Bhog at Durga Pujo or even Kali Pujo or Saraswati Pujo is khichuri (khichdi), labra (mixed vegetables), or khichuri with labra, fritters of brinjal/eggplant (beguni), potato (alu) and pumpkin (kumro), chatni of tomato and khejur or dates (sweet not savoury), payesh and rosogollas.
The khichuri is drizzled with Jharna ghee, the go-to ghee for all Bongs. Bhog is only served at lunch at pandals which extends to around 3 pm.
There are long queues at every pandal for the bhog that is prepared by the kilos for the thousands that queue up every day. I always ask the prettily-made up Bong woman serving the labra and khichuri to give me two portions (instead of queueing up again for a second helping) since I've waited with baited breath and beating heart, for a year for it.
The Bengali Khichuri Bhog is not the dal-khichdi that is made in other states. That's like comparing mishti doi with plain curd and sugar. The taste of the Khichuri Bhog is amped up because of all the vegetables that go into it, the recipe, the slow cooking, and the massive quantities it is cooked in at pandals. Do NOT miss.
For the recipe go here.
10. Mishti Doi/Mishtis
Till a decade ago, Mishti Doi wasn't available outside of Kolkata, so the first stop when in the city was to binge on the Mishti Doi available in bhanrs (kulhars or small or large earthen pots) at mithai shops.
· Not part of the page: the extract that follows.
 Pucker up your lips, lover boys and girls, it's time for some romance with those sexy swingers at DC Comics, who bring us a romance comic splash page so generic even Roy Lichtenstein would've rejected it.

Some had a thick matha (head, or the creamy layer on top of the dahi, which I don't like), but without exception all mishti dokans (mithai shops) served the doi.
Nowadays, with Mother Dairy and Epigamia making their versions, available across India, takers for the doi at the mishti dokans are few.
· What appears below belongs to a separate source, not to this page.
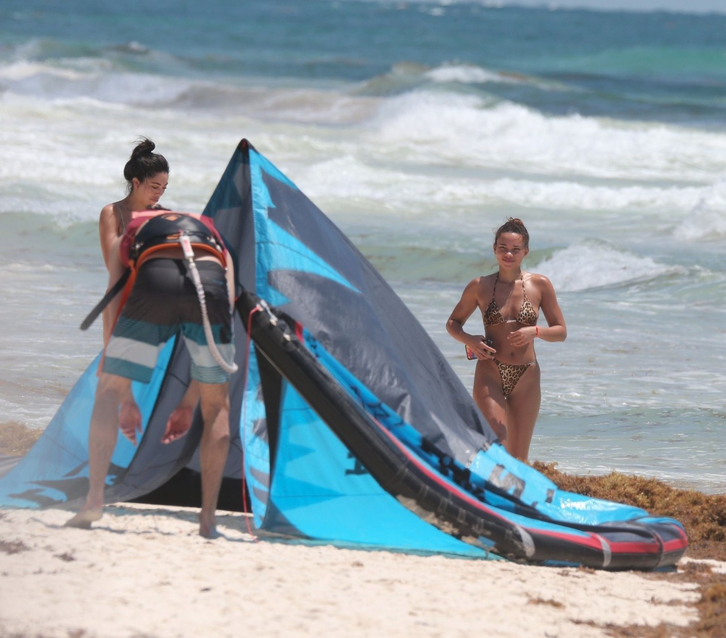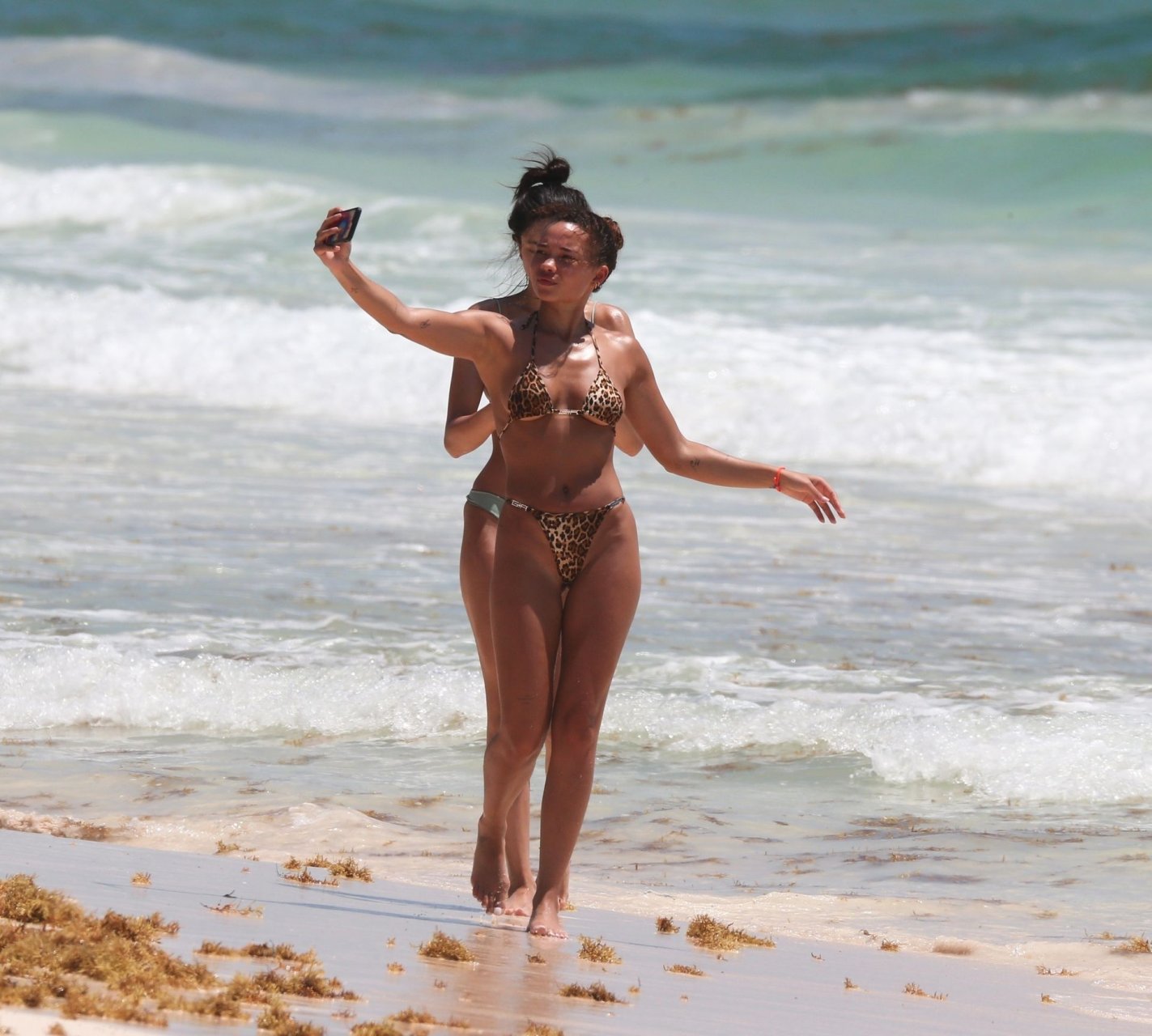 Ashley Moore fait sensation dans un tout petit bikini imprimé animal sur la plage de Tulum, au Mexique, le 22/04/2019. Le mannequin de 25 ans, qui a été brièvement lié au chanteur Justin Bieber, s’est prélassée au soleil avant de rejoindre l’eau avec une amie pour prendre des selfies sous le soleil tropical.

Do these taste the same as bhanr doi?
Mother Dairy is good, Epigamia is not, but bhanr doi is a little different -- richer, creamier, sweeter -- and the experience of eating out of a bhanr is, well, kitschy and nice.
Just as with the doi, Bengali mishtis are also available everywhere outside Kolkata. Sweet Bengal initiated Mumbai to the taste of the sandesh, but even every premium Bengali mishti shop in Mumbai lacks the quality and the variety of even an ordinary mishti shop in Kolkata.
Every year, around Durga pujo, the big mishti dokans create a new mishti... every year.
For mishtis, try the Langcha, Pantua, Chhana-r Jilepi, these are quintessentially Bengali mithais and not found in too many mithai shops in Mumbai. Ditch the rasgullas it's as ubiquitous as a peda.
All pujo pandals have mishti and doi, so after you've dug into the chops and cutlets, mooh meetha time, maybe?
PS: What I wouldn't bother with...
Pujo pandal stalls also have kababs, chicken lollipops, momos, bhelpuri and all manner of non-Bengali street food. You get them everywhere, all the time. Skip.